Photo: White House - P. Souza President Barack Obama during a press conference on the debt ceiling discussions at the White House, July 11, 2011
Photo: White House - P. Souza President Barack Obama during a press conference on the debt ceiling discussions at the White House, July 11, 2011

U.S. congressional leaders are scheduled to meet again with President Barack Obama Tuesday, with no signs of progress on a deal to reduce the deficit and raise the government’s borrowing limit.

Tuesday’s talks come three weeks before the August 2 deadline, when the U.S. Treasury Department says the country will run up against the $14.3 trillion legal limit on debt and be forced to default on some payments.

The president wants to work out a deal before the deadline to give Congress time to debate and pass the measure. He has promised daily meetings until a deal is made, but Obama’s Democratic Party and opposition Republicans still appear to be far from an agreement.

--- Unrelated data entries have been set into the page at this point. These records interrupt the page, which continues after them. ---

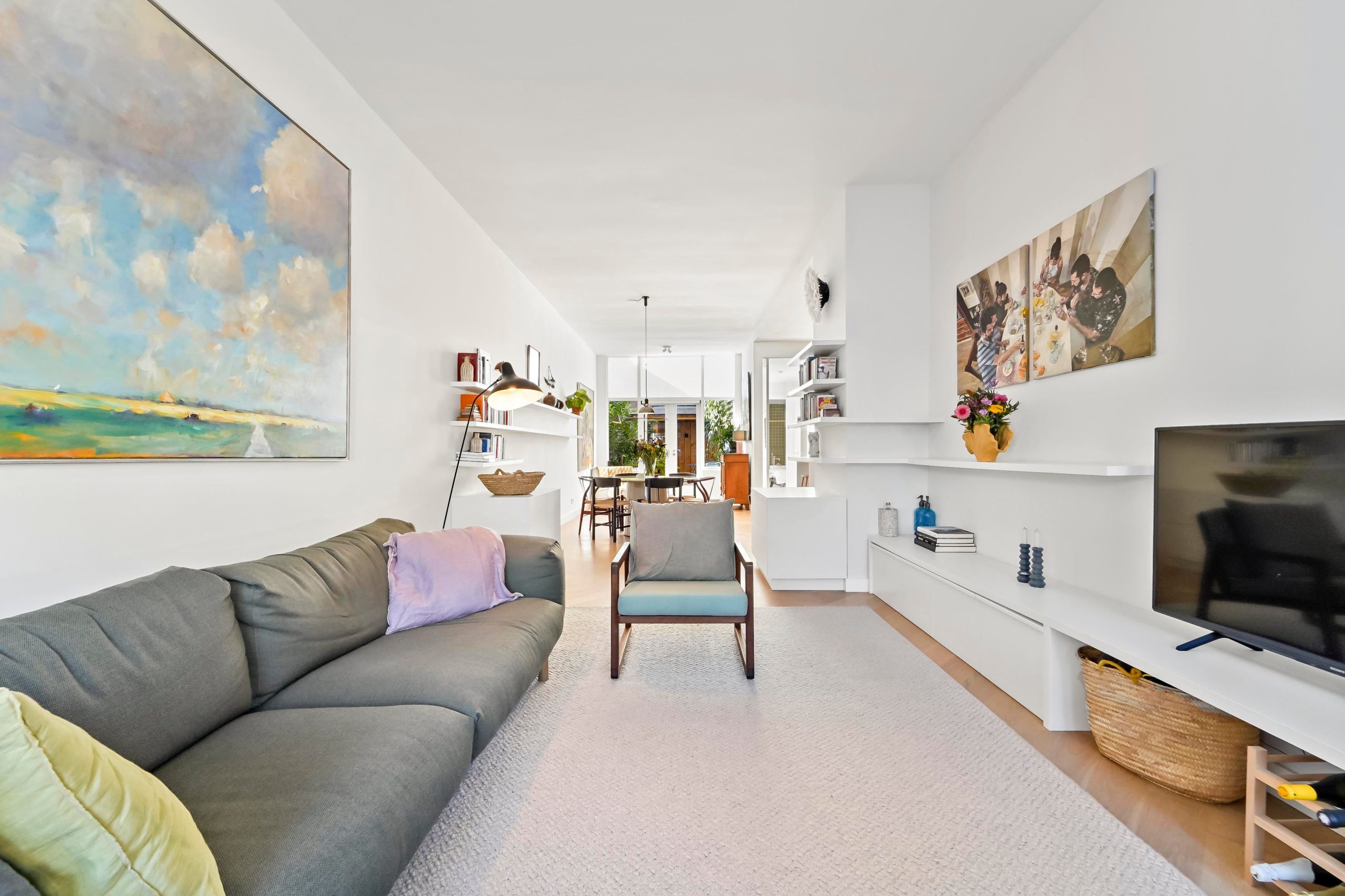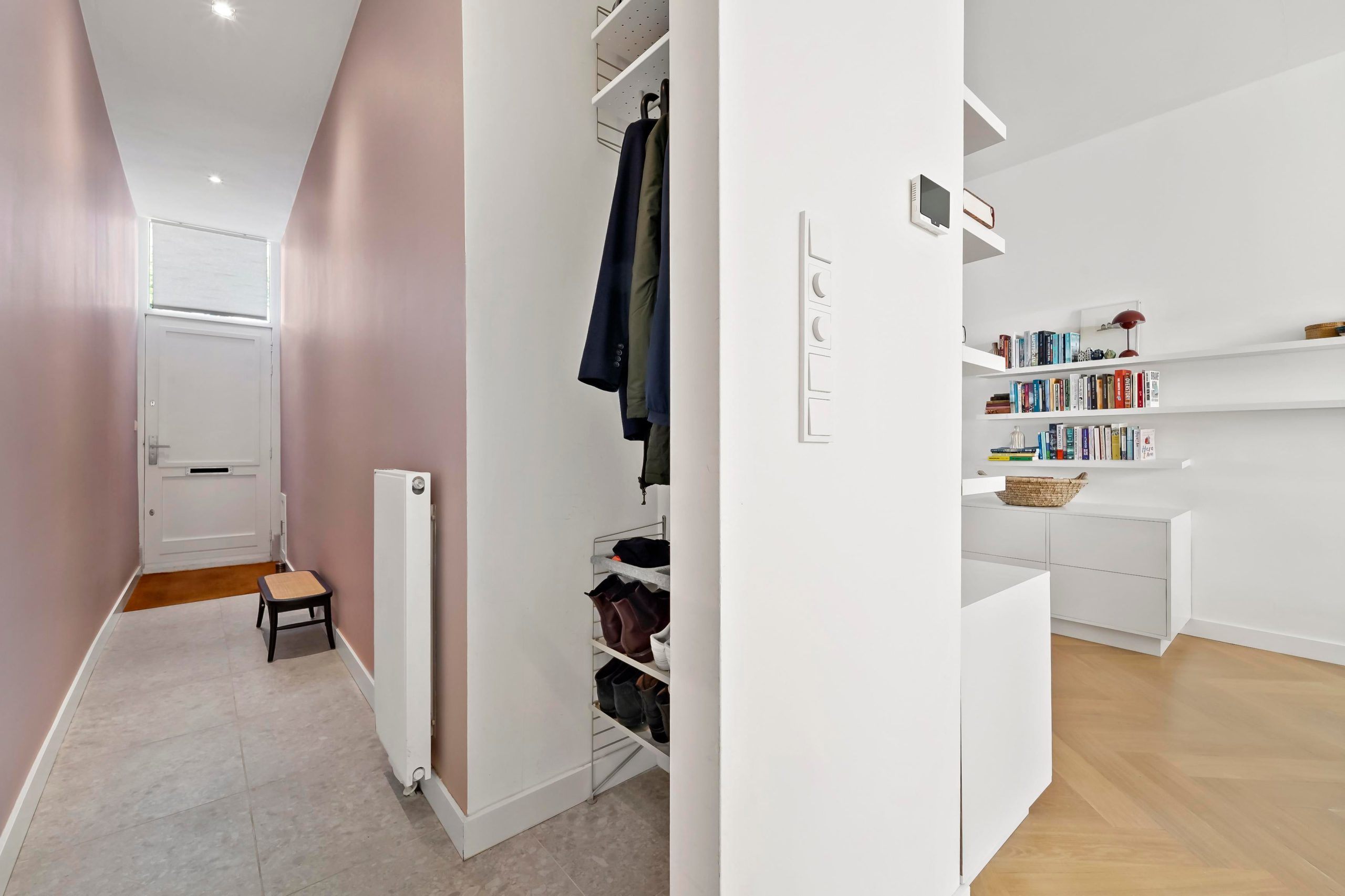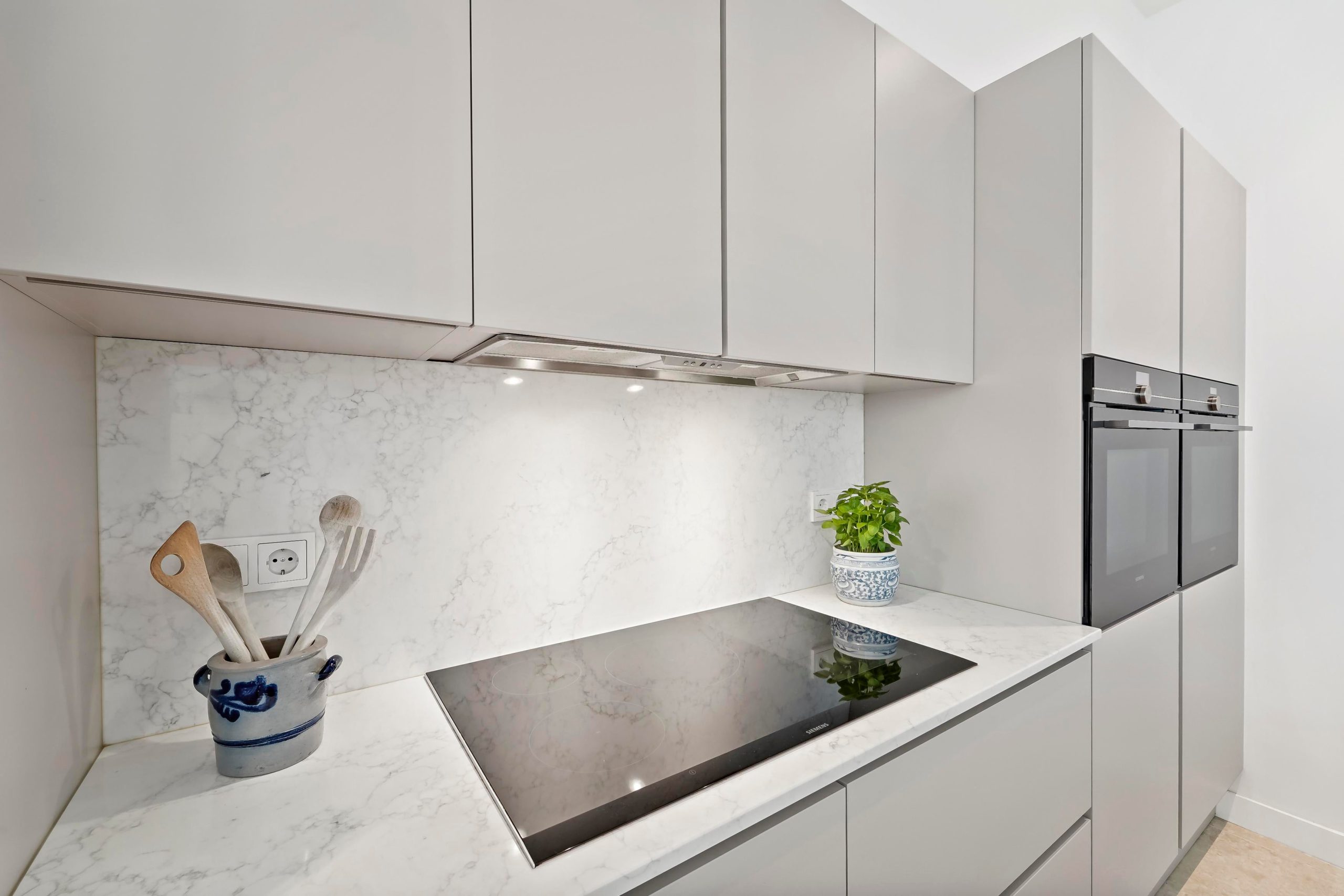 Layout: entrance of the house, hall with wardrobe and deep closet with washing machine and dryer connections. Access to the living room via white steel door. Beautiful kitchen/diner with island with an ‘arabesque polished’ composite top, an oven, combination microwave/oven, dishwasher (all from the Siemens luxury line), a Quooker, and sufficient cupboard space. The kitchen and hall have a beautiful terrazzo tiled floor which fits nicely with the oak herringbone floor of the living room. The spacious living/dining room has lots of light through large windows at the front and French doors at the rear leading to the lovely green and sunny garden with veranda, which has been landscaped under architecture. Access to the second hallway via steel door with toilet with fountain, deep closet with central heating installation and storage space, door to the garden and access to the master bedroom. The fantastic master bedroom has a freestanding bath, walk-in shower (with underfloor heating), washbasin and fitted wardrobes as well as a patio door to the garden. Back in the hallway, stairs to the first floor with two more beautiful bedrooms and a bathroom with a sink, mirror and walk-in shower with underfloor heating in the same style as the bathroom in the master bedroom.
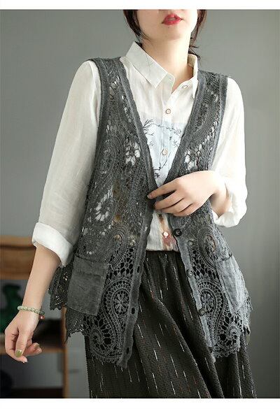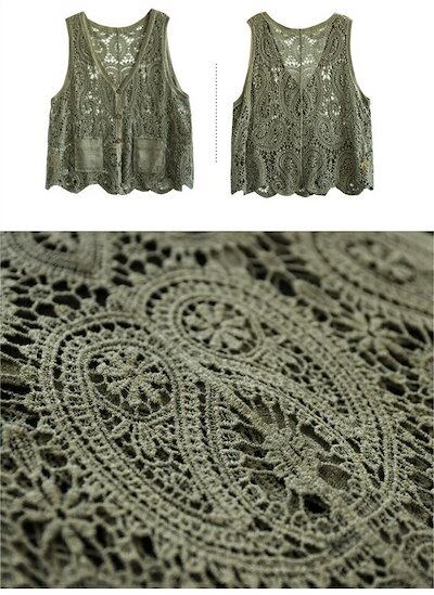 透かし編み ベスト レディース ニットベスト 前開きベスト カーディガン クロシェ編み かぎ編み レース ノースリーブ 森ガール トップス カーディガン ゆったり 重ね着 レイヤード 涼やか お洒落
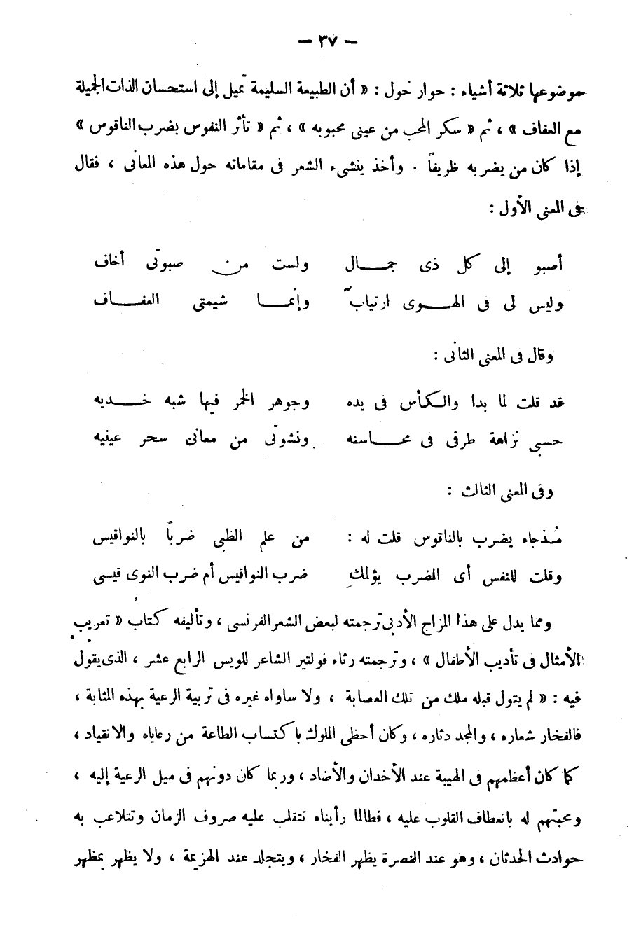 ومما يدل على هذا المزاج الأدبيّ ترجمته لبعض الشعر الفرنسيّ، وتأليفه كتاب "تعريب الأمثال في تأديب الأطفال"، وترجمته رثاء فولتير الشاعر للويس الرابع عشر، الذي يقول فيه:
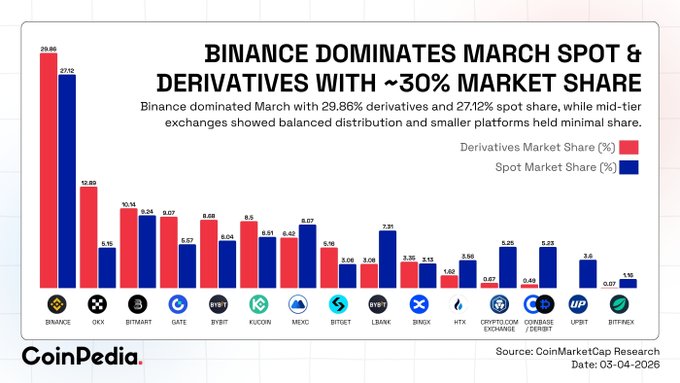 Tăng mạnh 30%: #Binance thống trị tháng 3 @binance dẫn đầu giao dịch tháng 3 với 29,86% thị phần trong thị trường phái sinh và 27,12% trong thị trường giao ngay, củng cố vị thế là sàn giao dịch hàng đầu. #CoinPedia #CryptoNews #Blockchain #CryptoMarket
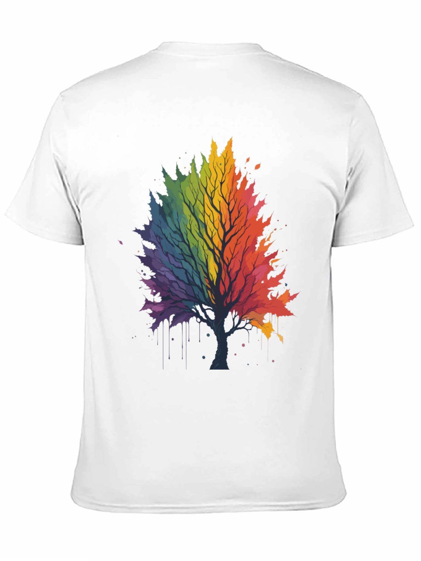 Show your colors with this eye-catching black t-shirt featuring a vibrant rainbow tree graphic. The design showcases a tree with leaves transitioning through the colors of the rainbow, creating a visually stunning and unique look. Made from comfortable, breathable fabric, this tee is perfect for everyday wear. Whether you're making a statement, celebrating diversity, or simply love colorful designs, this t-shirt is a must-have addition to your wardrobe. Pair it with jeans or shorts for a casual yet stylish outfit.
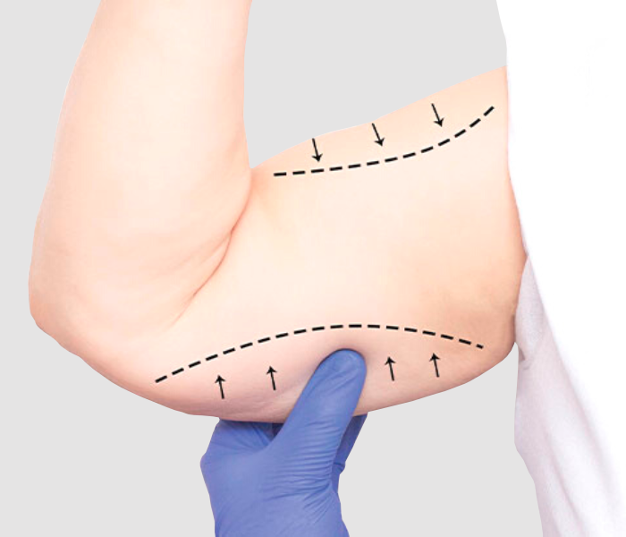 On the day of your operation, your doctor will begin by identifying the areas on your arm where incisions will be made. The most typical method is to make incisions on the inside or back of your arms. Depending on what the surgeon determines, other alternative incisions include an armpit incision or one that reaches from the top of your elbow to your armpit.
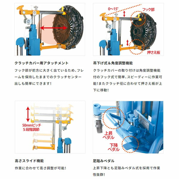 ⇒ クラッチカバーを床に下ろさず仮置きでき、移動も容易になります
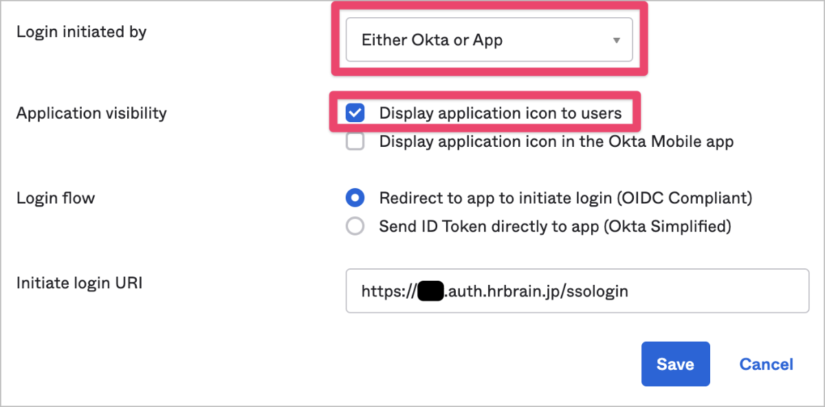 にチェックを入れ、その下の LOGIN セクションの Login initiated by の値を Either Okta or App
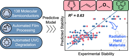 Emerging photovoltaics for outer space applications are one of the many examples where radiation hard molecular semiconductors are essential. However, due to a lack of general design principles, their resilience against extra-terrestrial high-energy radiation can currently not be predicted. In this work, the discovery of radiation hard materials is accelerated by combining the strengths of high-throughput, lab automation and machine learning. This way, a large material library of more than 130 organic hole transport materials is automatically processed, degraded, and measured. The materials are degraded under ultraviolet-C (UVC) light in a nitrogen atmosphere, serving as the conditions for electromagnetic radiation hardness tests. A value closely related to the differential quantum yield for photodegradation is extracted from the evolution of the UV–visible (UV–vis) spectra over time and used as a stability target. Following this procedure, a stability ranking spanning over 3 orders of magnitude was obtained. Combining Gaussian Process Regression based on predictors from structural fingerprints and manual filtering of the materials by features, structure–stability relations for UVC stable materials could be found: Fused aromatic ring clusters are beneficial, whereas thiophene, methoxy and vinylene groups are detrimental. Comparing the UV–vis spectra of the degraded material in film and solution, bond cleavage could be made out as the leading degradation mechanism. Even though UVC light can in principle break most organic bonds, the stable materials are able to distribute and dissipate the energy well enough so that the chemical structures remain stable. The established predictive model quantifies the effect of specific molecular features on UVC stability, allowing chemists to consider UVC stability in their molecular design strategy. In the future, a larger data set will allow to inversely design molecular semiconductors which show high performance and radiation hardness at the same time.

The president proposes a $4 trillion package of spending cuts and revenue increases, while the Republicans say they will not allow tax hikes and want to focus only on slashing government spending.

Obama said at a televised news conference Monday it is time to stop playing politics and make a deal. He said he will refuse to sign any temporary measures to resolve the debt crisis.

Democrats vs Republicans

House Speaker John Boehner of Ohio

Democrats strongly oppose cuts in popular social programs for the poor and elderly. They say increasing taxes on the wealthy and big corporations is essential because the government badly needs more revenue to close the budget gap.

Republicans say it makes no sense to raise taxes on the wealthy because they are the ones who can invest in the economy and create jobs. The speaker of the House of Representatives, Republican John Boehner, has said no deal can pass the House unless it rules out tax increases and cuts spending.

Treasury Secretary Timothy Geithner said Tuesday the two sides understand what it will take to make a deal and will come to an agreement.  He has warned previously that failing to raise the $14.3 trillion legal limit on what the government can borrow to pay its debts would be “catastrophic.”